> **SUPPLIED DATA**

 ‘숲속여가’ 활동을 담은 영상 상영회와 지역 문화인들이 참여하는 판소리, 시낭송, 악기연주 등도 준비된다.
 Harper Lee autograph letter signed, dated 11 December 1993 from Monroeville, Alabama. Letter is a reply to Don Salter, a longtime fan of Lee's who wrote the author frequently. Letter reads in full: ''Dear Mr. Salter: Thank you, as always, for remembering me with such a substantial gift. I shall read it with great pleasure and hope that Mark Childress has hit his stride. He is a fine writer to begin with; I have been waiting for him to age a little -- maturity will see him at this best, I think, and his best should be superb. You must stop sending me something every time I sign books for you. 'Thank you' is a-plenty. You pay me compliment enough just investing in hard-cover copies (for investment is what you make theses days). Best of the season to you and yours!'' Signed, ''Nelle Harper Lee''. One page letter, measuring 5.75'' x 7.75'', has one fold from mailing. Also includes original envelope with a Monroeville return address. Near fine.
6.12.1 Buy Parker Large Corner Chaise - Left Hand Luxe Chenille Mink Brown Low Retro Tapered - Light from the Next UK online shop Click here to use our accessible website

* * *

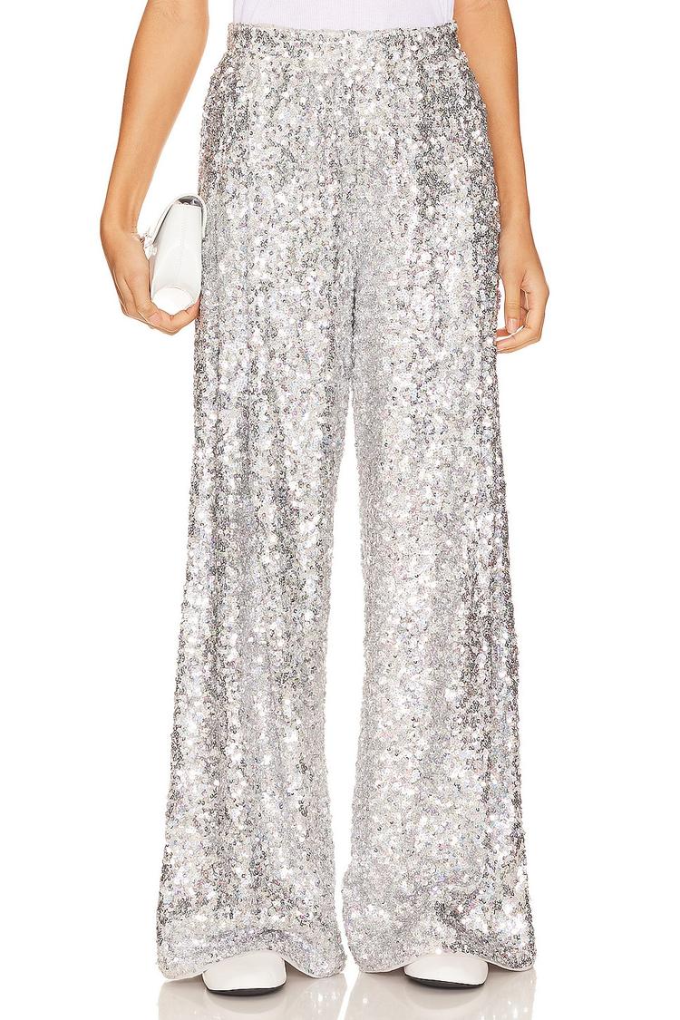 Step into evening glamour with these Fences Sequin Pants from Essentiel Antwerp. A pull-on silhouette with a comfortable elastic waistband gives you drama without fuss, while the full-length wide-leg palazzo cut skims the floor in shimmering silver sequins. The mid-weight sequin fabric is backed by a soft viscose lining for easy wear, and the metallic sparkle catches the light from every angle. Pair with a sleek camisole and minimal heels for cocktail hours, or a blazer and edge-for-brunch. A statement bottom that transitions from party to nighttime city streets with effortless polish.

> **TASK**
Please give back exactly the lines of the listing above that run from the one containing "악기연주 등도 준비된다." through the one containing "6.12.1 Buy Parker", and only those.

> **OUTPUT OF THE TASK**
 ‘숲속여가’ 활동을 담은 영상 상영회와 지역 문화인들이 참여하는 판소리, 시낭송, 악기연주 등도 준비된다.
 Harper Lee autograph letter signed, dated 11 December 1993 from Monroeville, Alabama. Letter is a reply to Don Salter, a longtime fan of Lee's who wrote the author frequently. Letter reads in full: ''Dear Mr. Salter: Thank you, as always, for remembering me with such a substantial gift. I shall read it with great pleasure and hope that Mark Childress has hit his stride. He is a fine writer to begin with; I have been waiting for him to age a little -- maturity will see him at this best, I think, and his best should be superb. You must stop sending me something every time I sign books for you. 'Thank you' is a-plenty. You pay me compliment enough just investing in hard-cover copies (for investment is what you make theses days). Best of the season to you and yours!'' Signed, ''Nelle Harper Lee''. One page letter, measuring 5.75'' x 7.75'', has one fold from mailing. Also includes original envelope with a Monroeville return address. Near fine.
6.12.1 Buy Parker Large Corner Chaise - Left Hand Luxe Chenille Mink Brown Low Retro Tapered - Light from the Next UK online shop Click here to use our accessible website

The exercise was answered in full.